Das klingt jetzt schon super.  

Ich wünsche dir eine effektive KG
und warte gespannt auf die Dinge, die noch geschehen werden.


----------



## lotharw (12. Aug. 2008)

*AW: Guten Tag, die Herrschaften :-D*

Hallo Toffi,

..zu der Mauer mit dem Brett zwischendrinnen.

Die Mauer wird nicht lange Halten,sie wird einen Bauch bekommen und dann in sich zusammenrutschen.Der Mauer fehlt der"Verbund".Hat die Mauer hinter den Steinen eine Drainageschicht ? Sonst drückt der Frost die Mauer um.
Hat die Mauer ein Fundament oder ist sie auf die Erde gebaut ?

Ab und zu findet man in der Länge durchgebrochene Viehfuttertröge,die könnte man anstelle des Brettes in die Mauer einbauen,oder man schlägt einen Stein selbst so zurecht.

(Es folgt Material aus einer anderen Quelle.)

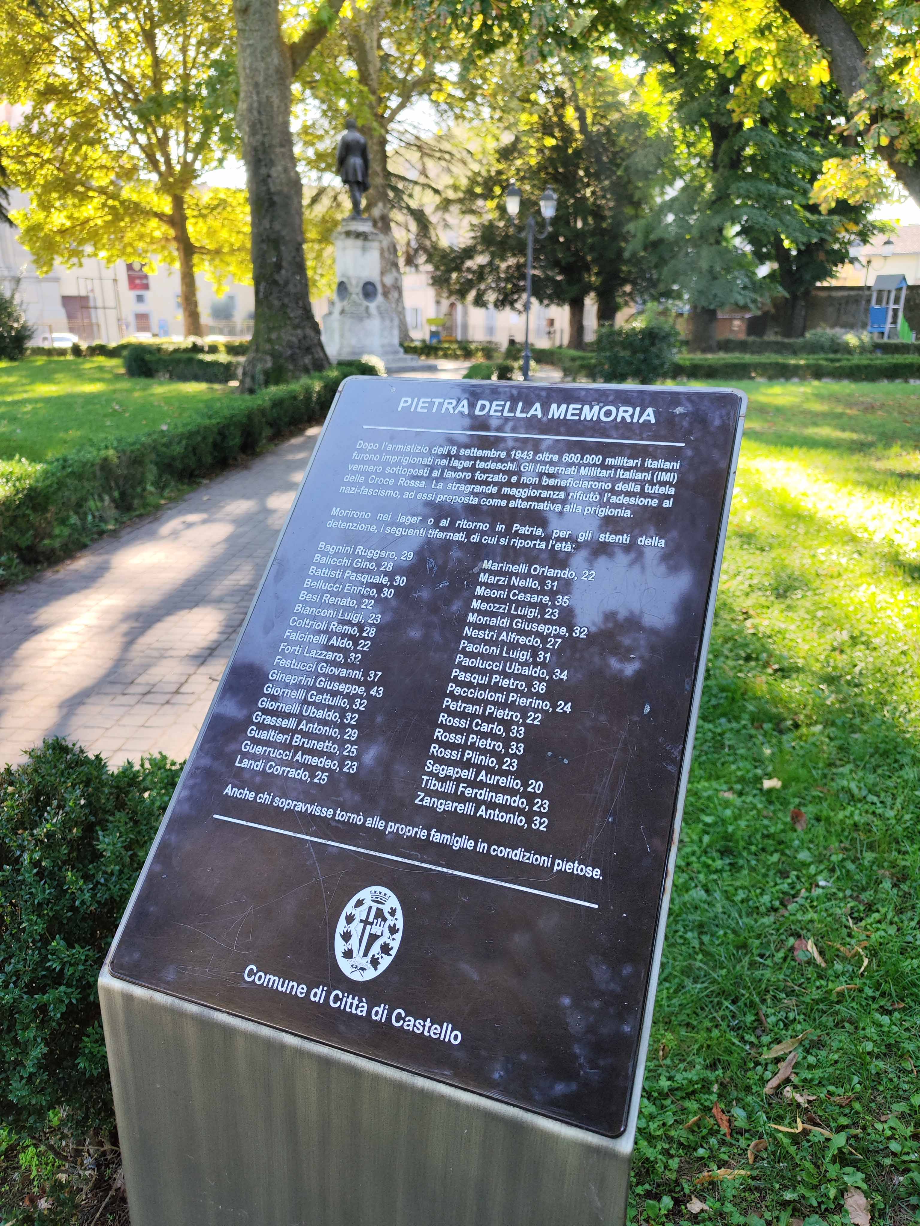 “Ricordare una delle vicende simbolo della Resistenza come quella dei militari italiani internati nei campi di concentramento dopo l’armistizio dell’8 settembre 1943 e dare dignità a questi uomini, attraverso una celebrazione pubblica che aiuta a conservare la memoria di quanti hanno pagato l’opposizione al nazifascismo con umiliazioni, sofferenze e anche con il sacrificio della vita, è un dovere civico fondamentale che è stato sottolineato meritoriamente con la legge che ha istituito la giornata del 20 settembre. Un dovere civico che vogliamo onorare oggi, pensando che sia importante ricordare e farlo insieme. Per questo rivolgiamo un sentito abbraccio alle famiglie dei 555 tifernati che furono protagonisti di questa drammatica pagina della nostra storia, tra i quali rammentiamo con particolare commozione i 34 concittadini che morirono nei lager o al ritorno in patria a causa delle conseguenze della detenzione, i cui nomi sono scolpiti nella pietra della memoria che si trova nei giardini del Cassero”. E’ il messaggio con cui il sindaco Luca Secondi e l’assessore alla Cultura Michela Botteghi sottolineano a nome dell’amministrazione comunale valore e significato della prima Giornata degli Internati italiani nei campi di concentramento tedeschi durante la seconda Guerra mondiale, che è stata istituita dalla legge n.6 del 13 gennaio 2025 e si celebra in tutta Italia oggi, sabato 20 settembre. “Scegliendo di rifiutare l’arruolamento nell’esercito tedesco o in quello di Salò dopo l’armistizio – osservano Secondi e Botteghi - i militari italiani che poi furono internati nei campi di prigionia e nei campi di lavoro coatto in Germania, privati dello status di prigionieri di guerra e quindi dei diritti garantiti dalla Convenzione di Ginevra del 1929 con la conseguente esclusione dai servizi assistenziali della Croce Rossa, offrirono un esempio fulgido di rispetto per l’onore della patria, di fede negli ideali di libertà, di democrazia e di pace, che per lungo tempo è rimasto nell’ombra e che invece fa parte a pieno titolo della lotta della Resistenza, che non fu solo armata”. Sindaco e assessore alla Cultura esprimono “riconoscenza e vicinanza a tutti coloro che a Città di Castello hanno aiutato a tenere accesa la luce della memoria su questa pagina di storia che ha lasciato una ferita indelebile anche nella comunità tifernate”, ricordando l’impegno dell’Istituto di Storia Politica e Sociale Venanzio Gabriotti, dell’ANPI, dell’Associazione Famiglie Caduti e Dispersi in Guerra, dell’associazione Mutilati ed Invalidi di Guerra, di Trestina Per la Pace, in prima linea per l’80° anniversario della Liberazione di Città di Castello celebrato nel 2024, e di tutte le altre associazioni combattentistiche e della memoria che offrono il loro prezioso contributo”. “Un movimento cittadino vivo e prezioso, che ha voglia di fare e partecipare, verso il quale ci sentiamo responsabilizzati e che continueremo ad affiancare al meglio delle nostre possibilità per custodire la memoria e farne dono alle nuove generazioni”, concludono Secondi e Botteghi. La pietra della memoria collocata ai giardini del Cassero nel 2021 per espressa volontà del consiglio comunale di Città di Castello ricorda il sacrificio di 34 Internati Militari Italiani (IMI) tifernati: Ruggero Bagnini; Gino Balicchi; Pasquale Battisti; Enrico Bellucci; Renato Besi; Luigi Bianconi; Remo Coltrioli; Aldo Falcinelli; Lazzaro Forti; Giovanni Festucci; Giuseppe Gineprini; Gettulio Giornelli; Ubaldo Giornelli; Antonio Grasselli; Brunetto Gualtieri; Amedeo Guerrucci; Corrado Landi; Orlando Marinelli; Nello Marzi; Cesare Meoni; Luigi Meozzi; Giuseppe Monaldi; Alfredo Nestri; Luigi Paoloni; Ubaldo Paolucci; Pietro Pasqui; Pierino Peccioloni; Pietro Petrani; Carlo Rossi; Pietro Rossi; Plinio Rossi; Aurelio Segapeli; Ferdinando Tibulli; Antonio Zangarelli.

Bei uns gibt es Trockenmauern,über 3 Meter hoch und über 40 Jahre alt,so alt werden deine Mäucherchen nicht,hole dir jemand der das kann,bevor jemand die Mauern auf die Knochen fallen.


Mfg
lothar


----------



## Toffi (12. Aug. 2008)

*AW: Guten Tag, die Herrschaften :-D*

Hi Lothar,

na, du bist mir ja lustig.
Stellst Fragen zum Bau, wartest die Antworten nicht ab und urteilst dennoch schon 

Dann brauch ich ja auch nicht mehr zu antworten. 

LG
Sandra


----------



## andreas w. (13. Aug. 2008)

*AW: Guten Tag, die Herrschaften :-D*

 hi sandra, haste gestern noch meinen emil bekommen? war ein längerer text, aber ich glaube, daraus kann man ersehen, was ich inetwa aus deiner situation gemacht hätte.

hoffe, du bist damit klargekommen, ansonsten bin ich für fragen und verbesserungen auch weiterhin da. 

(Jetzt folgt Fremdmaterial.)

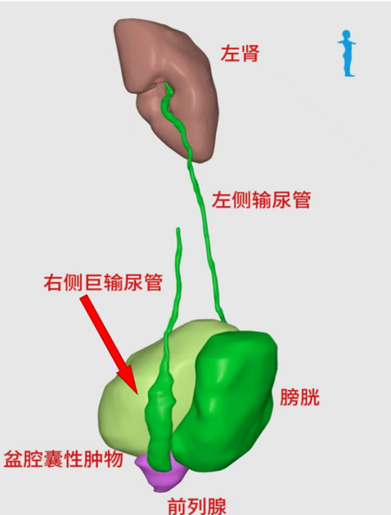 面对这一复杂病例,刘龙飞教授团队为其进行了全面细致的评估。一系列检查后发现,患者同时存在右侧肾缺如、右侧巨输尿管症并异位开口,以及盆腔内一个直径达10厘米的巨大囊性占位。结合无精症的表现,团队最终精准诊断其为罕见的Zinner综合征,盆腔囊肿即为巨大的精囊囊肿。该病由胚胎期中肾管发育异常导致,解剖结构异常复杂,位置深,手术难度极大,对术者要求极高。
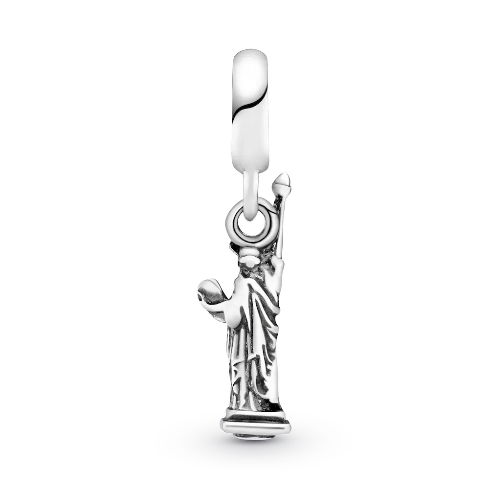 New York is a city that never sleeps and this landmark charm in sterling silver is sure to make your bracelet come alive. Shaped as the Statue of Liberty, a symbol of freedom and emblem of friendship, it’s detailed with all the hallmarks of the famous figure, including a torch and book. Wear the hand-finished dangle on Pandora Moment bracelets as a reminder of something you love about the city.
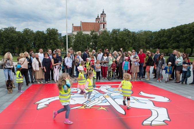 Rekordinio dydžio Vyčio dėlionė nuklojo Lukiškių aikštę
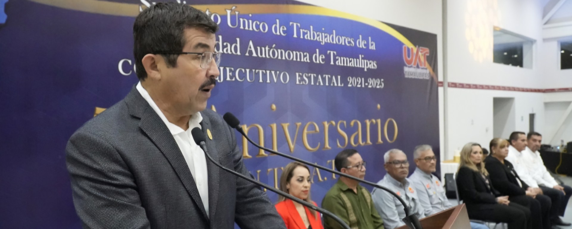 Al encabezar el acto por el 52 aniversario de la fundación del Sindicato Único de Trabajadores de la Universidad Autónoma de Tamaulipas (SUTUAT), el rector Dámaso Anaya Alvarado reafirmó el compromiso de fortalecer a la institución y los derechos del personal sindicalizado universitario.

hoffe geholfen zu haben, gruss.


----------



## Toffi (14. Aug. 2008)

*AW: Guten Tag, die Herrschaften :-D*

Guten Morgen ihr Lieben,

bevor mich gleich die Arbeit überrollt, wollte ich euch gern updaten.
Noch sind unsere GaLas im Urlaub, also ist noch Stillstand. Was aber eigentlich ganz gut ist, denn so kann ich eure Worte, v.a. die von Andreas, verarbeiten und in meine Ideen umwandeln oder so...
Und das tu ich gerade.

Ich werde berichten, wenn sich was tut.
Und Elses Bottich muss ich auch weiterverfolgen, das macht mich ja ganz wuschig, wenn da nix Neues kommt  

LG
Sandra


----------



## Toffi (30. Aug. 2008)

*AW: Guten Tag, die Herrschaften :-D*

Hallo ihr Lieben,


kurzes Update für euch:
Offenbar habe ich es mir gerade mit unserem GaLa verscherzt - oder besser: Er mit uns?

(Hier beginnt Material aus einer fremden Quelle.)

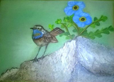 «L’immagine è dell’autrice, "Pettazzurro", olio su cartone telato.»
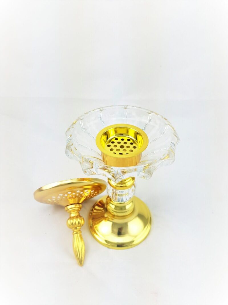 Cet Encensoir Or est à utiliser avec un charbon pour brûler l’encens. Un petit compartiment avec réservoir pour stocker les morceaux d’encens.
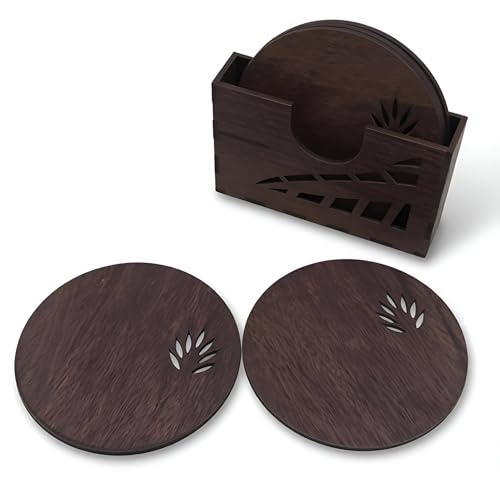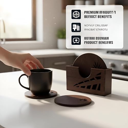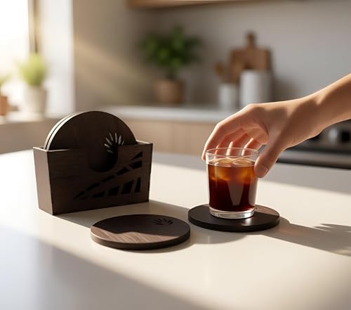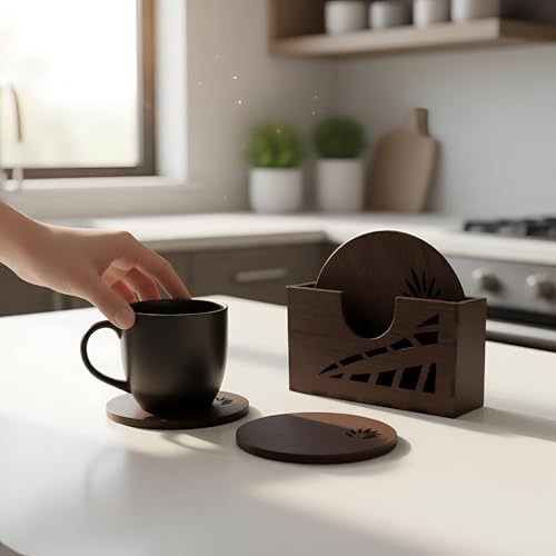 Generic - مجموعة قواعد اكواب وحامل - خشب صلب عالي الجودة، حواف ناعمة، قاعدة مضادة للانزلاق، تعزز تجربة المشروبات مع السحر الريفي الأنيق (مجموعة من قطعتين)

Wahrscheinlich beides. Ich persönlich komme mit dem Umgangston nicht klar.
Ich fühle mich beschimpft und beleidigt, bloß, weil ich meine Wünsche geäußert habe und darauf aufmerskam gemacht habe, was noch fehlt.
Erstaunlich manchmal, was man sich als Kunde gefallen lassen muss.

Ich befürchte, mein Rapunzelturm muss nun ruhen - weil es halt keiner machen kann oder will.
Würde euch gern was Positiveres schreiben, ein neues Bild einstellen mit Pflänzkes und schicker Anlage...

Es grüßt euch
eine traurige
Sandra,
die euch wünscht, das euch so was Unverschämtes nie passiert


----------



## andreas w. (1. Sep. 2008)

*AW: Guten Tag, die Herrschaften :-D*

halo sandra, habe dir heute morgen auf deine pm geantwortet. ich denke, nach allem was du geschrieben hast, ist das so ok.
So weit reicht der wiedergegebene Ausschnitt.